Vive La Difference as European Stocks Rally While Bond Traders Worry About PoliticsBy and
Fears of French election upset appear confined to fixed-income
Stocks rally on both sides of the Atlantic, defying bond moves
Bond and equity markets have very different takes on Europe’s future. Both can’t be right.
As fixed-income securities betray concerns over political risks, stocks are in the throes of a spirited rally. Investors hedging the possibility that France could elect a president who favors leaving the European Union pushed two-year bund yields to an all-time low, even while the rally in Germany’s DAX Index saw it smash through analysts’ year-end estimates.
Typically, bond yields should follow stocks higher on prospects of stronger growth and inflation. Instead, shorter-dated bund yields are grinding downwards as demand for Europe’s safest bonds versus their French equivalents climbs to 2012 highs.
“The divergence is pretty extreme at the moment,” said Martin van Vliet, an Amsterdam-based rates strategist at ING Bank NV. “If the risk-off trades in government bond markets continue, cracks will appear in the equity rally soon enough.”
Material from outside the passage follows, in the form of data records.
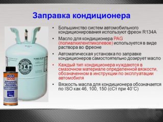 - Le réfrigérant ne doit pas être mélangé avec des huiles synthétiques et minérales conventionnelles. Le fréon R134A ne s'y dissout pas. L'huile n'est pas transportée le long du circuit de refroidissement, se dépose dans les échangeurs de chaleur et empêche le transfert de chaleur. Des huiles de polyalkylène glycol ont été spécialement développées pour le nouveau réfrigérant. Ils ont une hygroscopicité élevée et une faible conductivité diélectrique.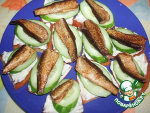 Затем кладем огурчик, а уже на огурчик кладем шпротину.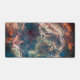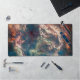 La supernova reste Cassiopeia A (Cas A), située à 11 000 années-lumière de la Terre dans la constellation Cassiopeia. L'image affiche des couleurs vives et des structures complexes. Cas A est le plus jeune vestige connu d'une étoile explosante et massive dans notre galaxie. Sur l'extérieur du reste se trouvent des rideaux de matériau qui apparaissent orange et rouge à cause des émissions de poussière chaude. Cette marque indique où le matériel éjecté de l'étoile explosée se déchaîne dans le matériel circonspellaire environnant. Intérieur à cette coquille extérieure se trouve des filaments de rose vif cloutés de touffes et noeuds. Il s'agit d'un matériau de l'étoile elle-même, qui brille probablement grâce à un mélange de divers éléments lourds et d'émissions de poussière. Le matériau stellaire peut aussi être vu comme des fouets plus légers près de l'intérieur de la cavité. Une boucle représentée en vert s'étend sur le côté droit de la cavité centrale.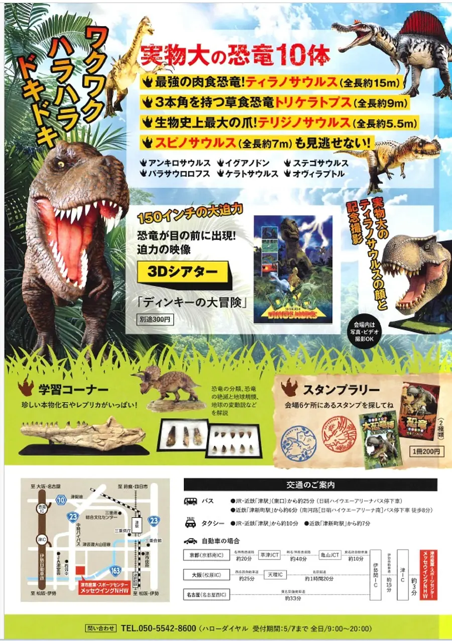 実物大の恐竜10体!ティラノサウルス、トリケラトプス、テリジノサウルスなどの恐竜が!
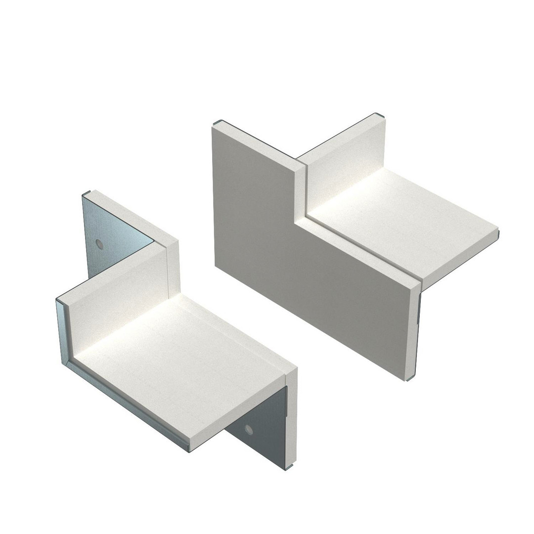 Wandanschlusskragen, 2-seitig mit integrierter Dichtung für Installationskanal PYROLINE® Rapid PLM. Zur Montage im Bereich von Wand- und Deckenanschlüssen sowie Wanddurchführungen in Raumecken. Set bestehend aus 2 entgegengesetzten Bauteilen, passend für Decken- oder Wandmontage des Installationskanals.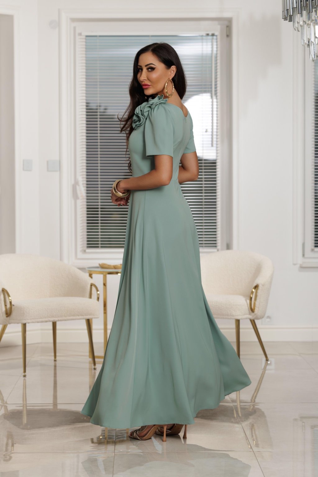 Zelené dlhé šaty s odnímateľnou kvetinovou aplikáciou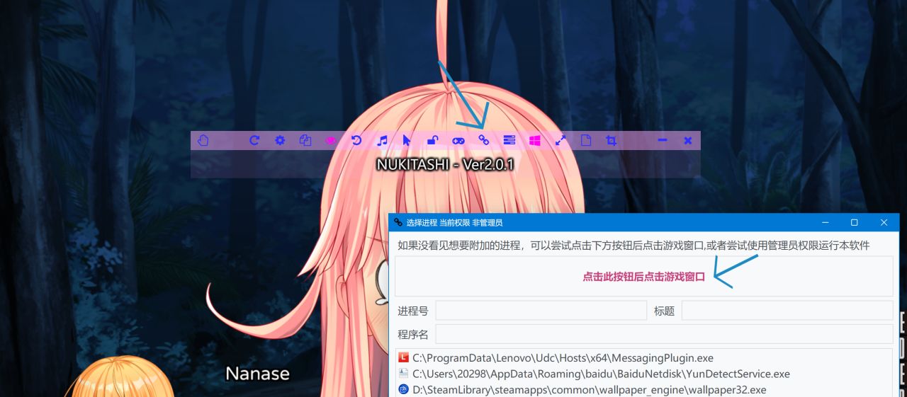 在 LunaTranslator 工具栏点击「选择游戏」按钮(图标为链接状)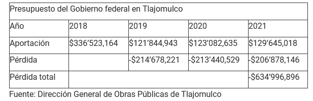 Tlajomulco de Zúñiga enfrenta un recorte presupuestal del Gobierno federal en obra pública que ya asciende a 634 millones 996 mil pesos durante los últimos tres años, lo que impacta en la prestación de servicios y la calidad de vida de los habitantes del municipio.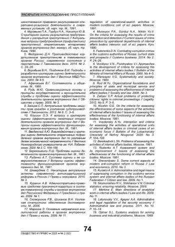 25. Мещеряков А.Н., Тарсуков К.М., Филиппов А.Н. Совершенствование критериев оценки деятельности аппаратов уголовного розыска по оперативному обслуживанию территории (объектов) // Проблемы теории и практики в оперативно-розыскной деятельности в современных условиях: межвуз. сб. науч. тр. М., 1993.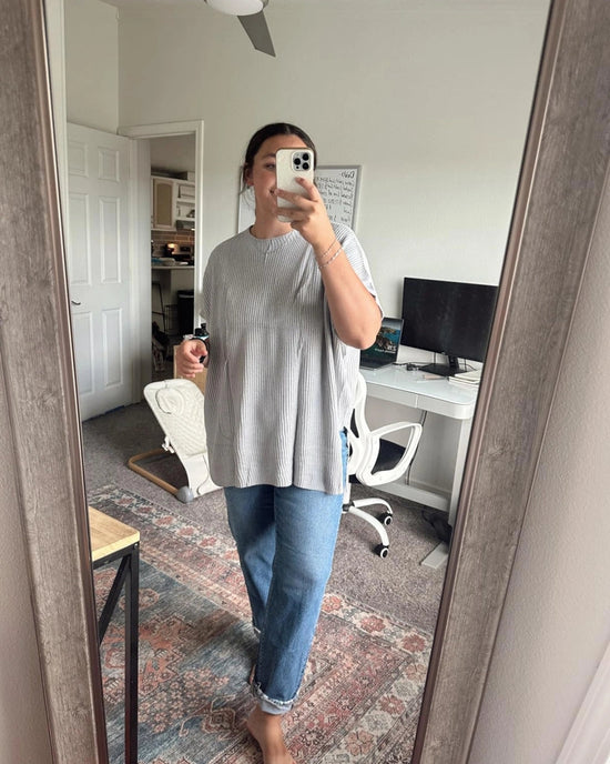 Den här tröjan är så bekväm och snygg. Jag älskar sidoslitsen på tröjan. Perfekt för både jobbet och lata helger hemma.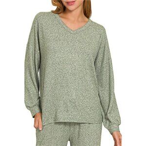 *This stylish two-piece knit set features a comfortable oversized V-neck top paired with wide-leg pants in a beautiful sage green color. Made from soft, breathable knit fabric that drapes beautifully and moves with you. The relaxed fit design offers maximum comfort while maintaining a chic, contemporary look. Perfect for lounging at home, running errands, or casual outings. The coordinated pieces can be worn together as a set or mixed and matched with other wardrobe staples. Easy care fabric that maintains its shape and color wash after wash.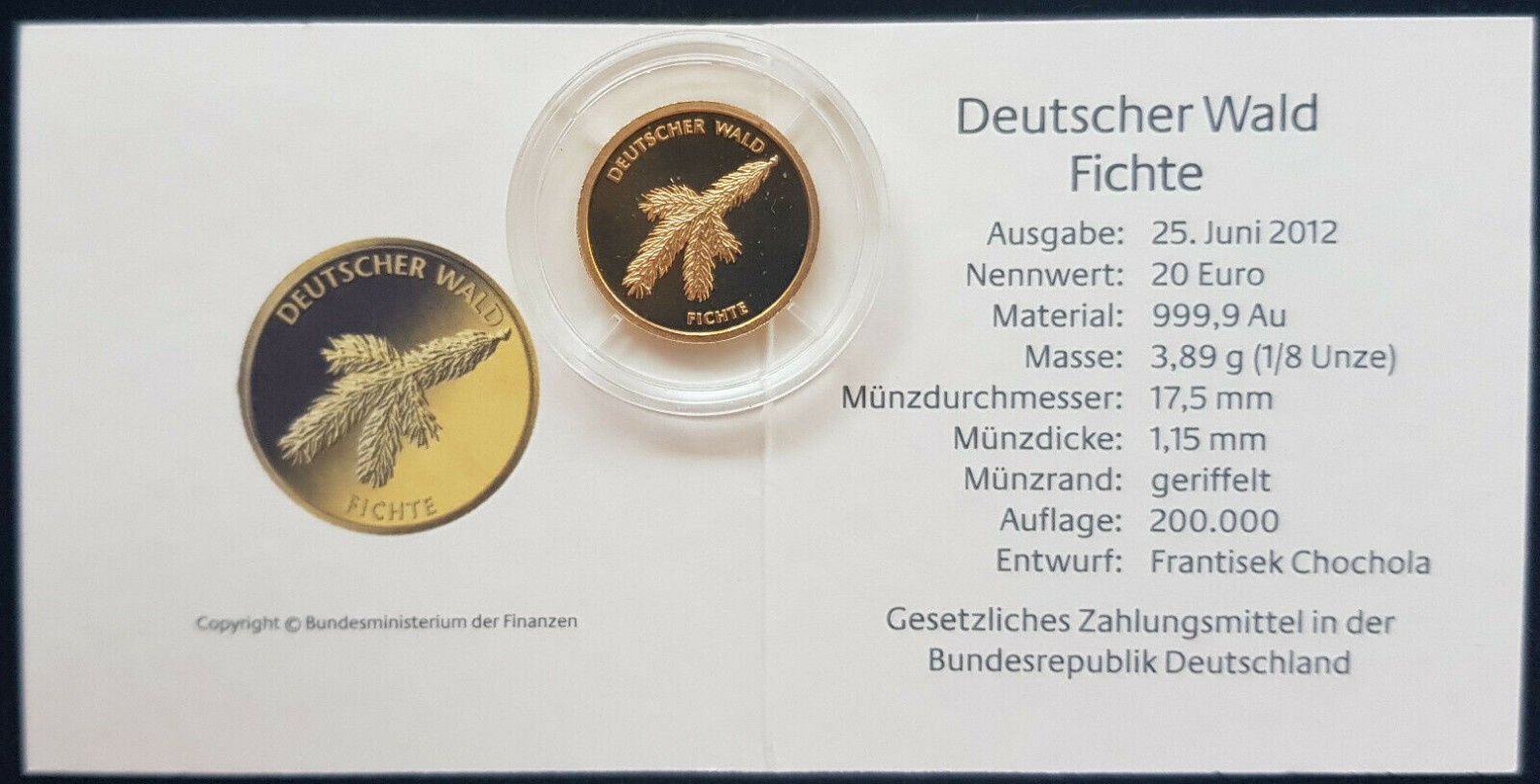 Deutschland 20 Euro Goldmünze Deutscher Wald - Motiv 3 - Fichte - J (Hamburg) 2012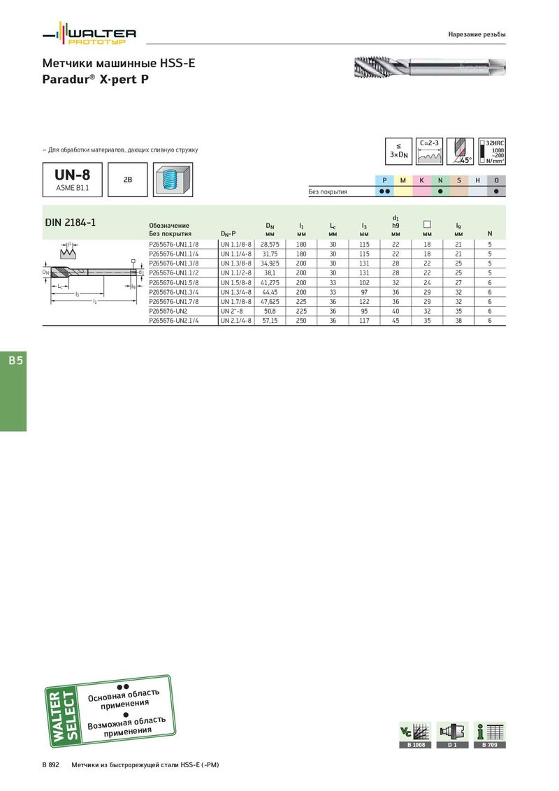 Нарезание резьбы Метчики машинные HSS-E Paradur® X·pert P ≤ C=2-3 32HRC – Для обработки материалов, дающих сливную стружку 3×DN 1000 45° –200 N/mm² UN-8 2B P M K N S H O ASME B1.1 Без покрытия CC C C DIN 2184-1 d1 Обозначение DN l1 Lc l3 h9 l9 Без покрытия DN-P мм мм мм мм мм мм мм N P P265676-UN1.1/8 UN 1.1/8-8 28,575 180 30 115 22 18 21 5 P265676-UN1.1/4 UN 1.1/4-8 31,75 180 30 115 22 18 21 5 P265676-UN1.3/8 UN 1.3/8-8 34,925 200 30 131 28 22 25 5 DN d1 P265676-UN1.1/2 UN 1.1/2-8 38,1 200 30 131 28 22 25 5 Lc l9 P265676-UN1.5/8 UN 1.5/8-8 41,275 200 33 102 32 24 27 6 l3 P265676-UN1.3/4 UN 1.3/4-8 44,45 200 33 97 36 29 32 6 l1 P265676-UN1.7/8 UN 1.7/8-8 47,625 225 36 122 36 29 32 6 P265676-UN2 UN 2“-8 50,8 225 36 95 40 32 35 6 P265676-UN2.1/4 UN 2.1/4-8 57,15 250 36 117 45 35 38 6 B5 Оснпорвинмаеяноебнлиаясть Возмпоржимнаеянеонбиляасть B 1008 D1 B 709 B 892 Метчики из быстрорежущей стали HSS-E (-PM)

ING’s warning echoes dynamics across the Atlantic, where stock investors banking on economic stimulus seem to be dismissing policy risks even while 10-year Treasury yields have faltered since mid-December.
The euro rebounded from a six-week low on Wednesday after French Independent candidate Emmanuel Macron sealed a pact with his centrist rival Francois Bayrou. French government 10-year yields fell eight basis points to 1.01 percent after trading as high as 1.11 percent earlier in the session.
Polls taken before the agreement was struck showed anti-EU candidate Marine Le Pen gaining on front-runner Macron in the first round of voting on April 23.
Until the winner becomes clear “we will probably see nervousness persist and undermine the euro across the board,” said Kit Juckes, a global strategist at Societe Generale, in a note to clients.